ISSUES OF RACE AND STATISTICS

    A capital defendant accused of an interracial crime is entitled to have prospective jurors informed of the race of the victim and questioned on the issue of racial bias.''  A strong statistical showing of racial disparity in capital sentencing cases is insufficient to establish an Eighth Amendment violation (see this analysis of McCleskey v. Kemp 1987).  Statistics alone do not establish racial discrimination in any particular case, the Court concluded, but ''at most show only a likelihood that a particular factor entered into some decisions.''  More important than the outcome is the Court's application of the two overarching principles of capital punishment cases: that a state's system must narrow a sentencer's discretion to impose the death penalty (e.g., by carefully defining ''aggravating'' circumstances), and must not constrain consideration of mitigating factors relating to the character of the defendant.  The Court sees the need to narrow discretion in order to reduce the chance that racial discrimination underlies jury decisions to impose the death penalty.  Reliance on statistics to establish a prima facie case of discrimination, the Court feared, could undermine the requirement that capital sentencing jurors ''focus their collective judgment on the unique characteristics of a particular criminal defendant."
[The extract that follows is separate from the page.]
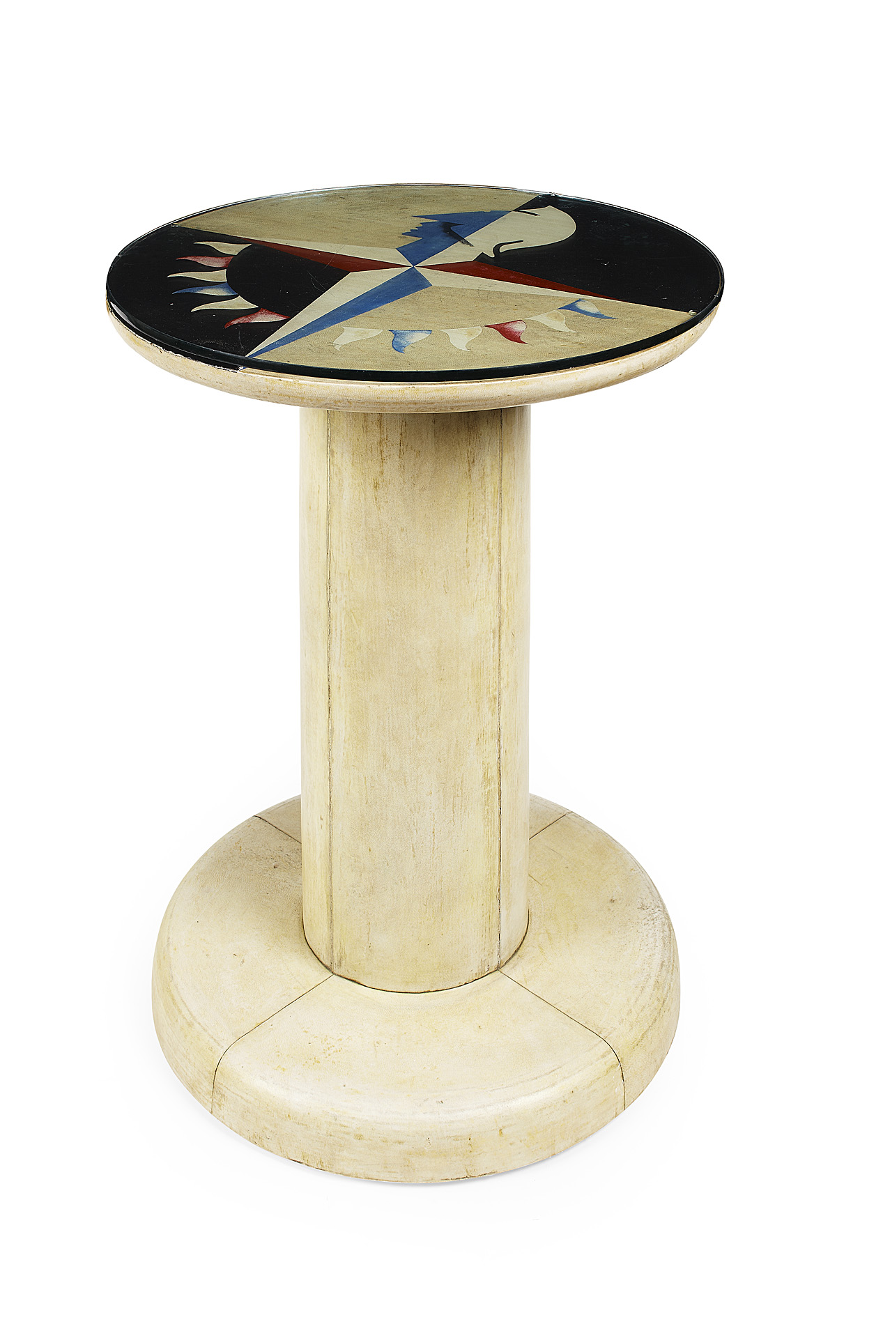 covered with a vellum veneer, the circular top painted with the Festival star above a turned column and raised on a corresponding circular plinth base

    Whether or not the death penalty deters crime is a question caught up in complex criminological critiques of research methodologies.  Indeed, Isaac Ehrlich's research, conducted back in 1975, is considered flawed, and even with modern research, it is difficult to tease out the impact of the death penalty in terms of other factors, such as unemployment, per capita income, the probabilities of arrest and conviction, and more.  Many, if not most, criminologists seem to think that the research is "inconclusive," but then again, there are legitimate findings uncovered by research which are not particularly well-accepted, except for most economists, for which the matter is closed.  A brief review of the economic research indicating the death penalty "works" is as follows.  According to researchers at Emery University and the University of Houston, anywhere between three and 18 lives could be saved by the execution of each convicted killer.  Various studies have estimated the deterrent effect per execution at three, five, 14, and 18.  Speeding up executions would strengthen the deterrent effect, specifically in that for every 2.75 years cut from time spent on death row, one additional murder would be prevented.

ISSUES OF MENTAL CAPACITY

    The Court has consistently grappled with several cases involving application of the death penalty to persons of diminished capacity.  The first such case involved a defendant whose competency at the time of his offense, at trial, and at sentencing had not been questioned, but who subsequently developed a mental disorder.  The Court holds that the Eighth Amendment prohibits the state from carrying out the death penalty on an individual who is insane, and that properly raised issues of execution-time sanity which must be determined in a proceeding satisfying the minimum requirements of due process.  The Court noted that execution of the insane had been considered cruel and unusual at common law and at the time of adoption of the Bill of Rights, and continues to be so viewed today. And, while no states purport to permit the execution of the insane, a number leave the determination to the governor, the governor's decision being based on reports of state-appointed psychiatrists.

    By contrast the Court in 1989 found ''insufficient evidence of a national consensus against executing mentally retarded people.''  While the Court conceded that ''it may indeed be 'cruel and unusual' punishment to execute persons who are profoundly or severely retarded and wholly lacking the capacity to appreciate the wrongfulness of their actions,'' retarded persons who have been found competent to stand trial, and who have failed to establish an insanity defense, fall into a different category.  Consequently, the Court was unwilling to conclude that execution of a mentally retarded person is ''categorically prohibited by the Eighth Amendment.'' This line of thinking goes along with the notion of individualized consideration of culpability; that a retarded defendant would be offered the benefit of an instruction that the jury may consider and give mitigating effect to evidence of retardation or abused background.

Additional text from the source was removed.